Or is expenditure < 350

1) Total cost = Material+Labor
T = M+L
T = 3M
3M = M+L
2M = L

Labor cost is twice that of material.

If M=1, L=2; T=3. Expenditure < 350. Yes
M=150; L=300; T=450;


Actually, you may not want to use so many variables and then plug values. Chances of error are very high in this case. Preferably, stick to algebra or reason it out as follows:

>>> A construction company was paid a total of $500,000 for a construction project. The company's only costs for the project were for labor and materials.

500,000 is divided into 3 parts - Labor costs, material costs and profit.

>>> Was the company's profit greater than $150,000?

Was profit > 150,000?

>>> (1) The company's total cost was three times its cost for materials.

labor cost + material cost = 3 * material cost
labor cost = 2* material cost

So now we know that 500,000 is divided into 3 parts - 2*material costs (labor), material costs and profit.
But no idea what these costs and profit are. Not sufficient.

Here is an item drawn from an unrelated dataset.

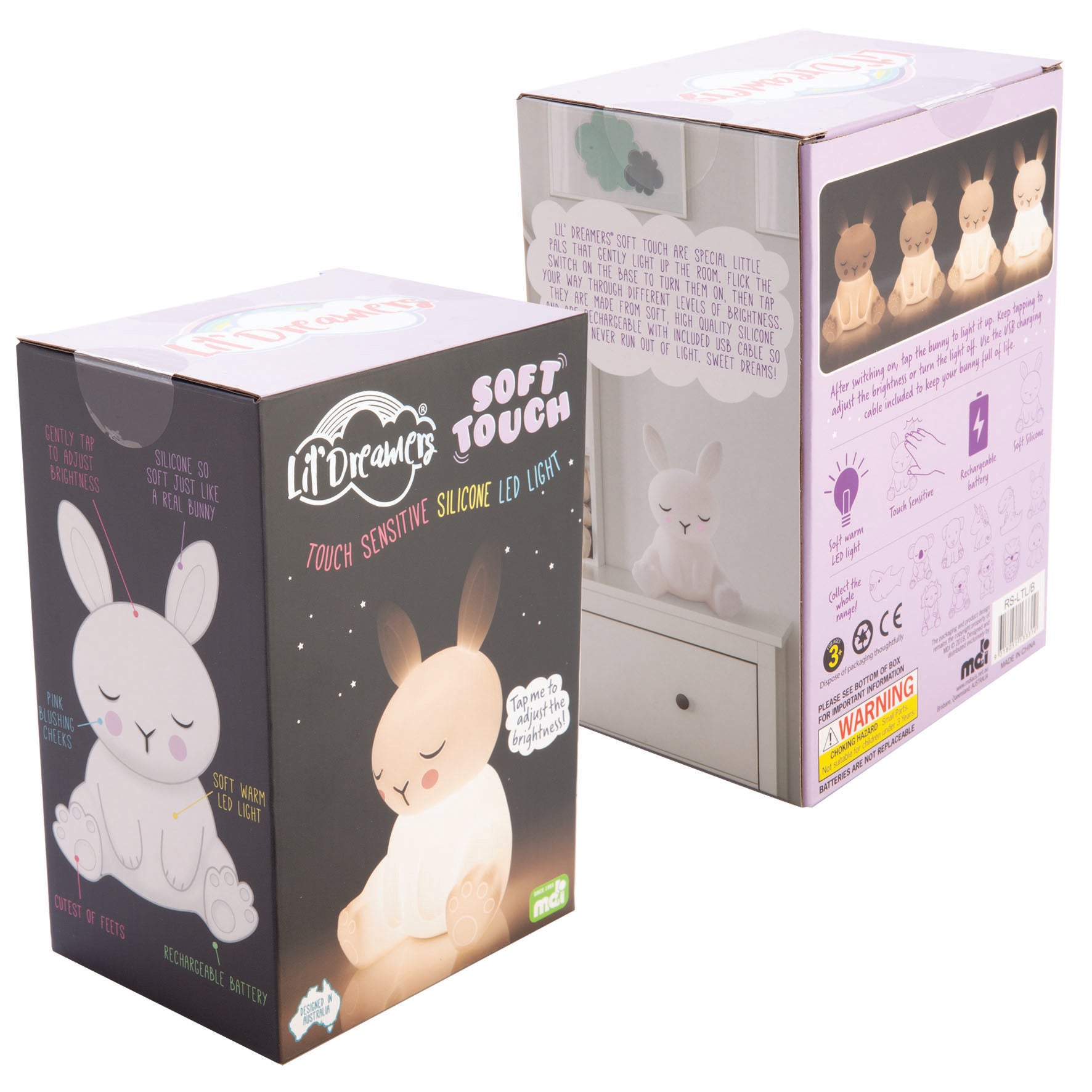 Step into a world of whimsy and charm with our Serene Bunny LED Touch Lamp. This delightful creation brings a touch of magic to any space, blending functionality with adorable design. With a soft silicone casing and an efficient LED bulb, this lamp emits a gentle glow that soothes the soul. Simply touch to activate and effortlessly adjust through six levels of brightness, making it a versatile companion for any mood or setting. Standing at 130mm in length, 95mm in width, and 175mm in height, this rechargeable lamp comes in a charming color box, perfect for gifting or personal use. The lithium battery, though not replaceable, ensures long-lasting illumination, while the LED bulb, also non-replaceable, guarantees a consistent and energy-efficient light source. Let this enchanting bunny light up your world with its warmth and whimsical appeal.Specifications

>>> (2) The company's profit was greater than its cost for labor
Profit > labor cost but no idea how much labor cost or material cost was. Not sufficient.

Together, Profit > 2 material cost so even if it was greater than 2*material cost by a very very small amount, 500,000 would have been split into 3 parts: 2*material cost (labor), material cost and 2*material cost (profit)
So 2*material cost would be at least 200,000. Hence profit is at least 200,000. Sufficient.
Answer (C).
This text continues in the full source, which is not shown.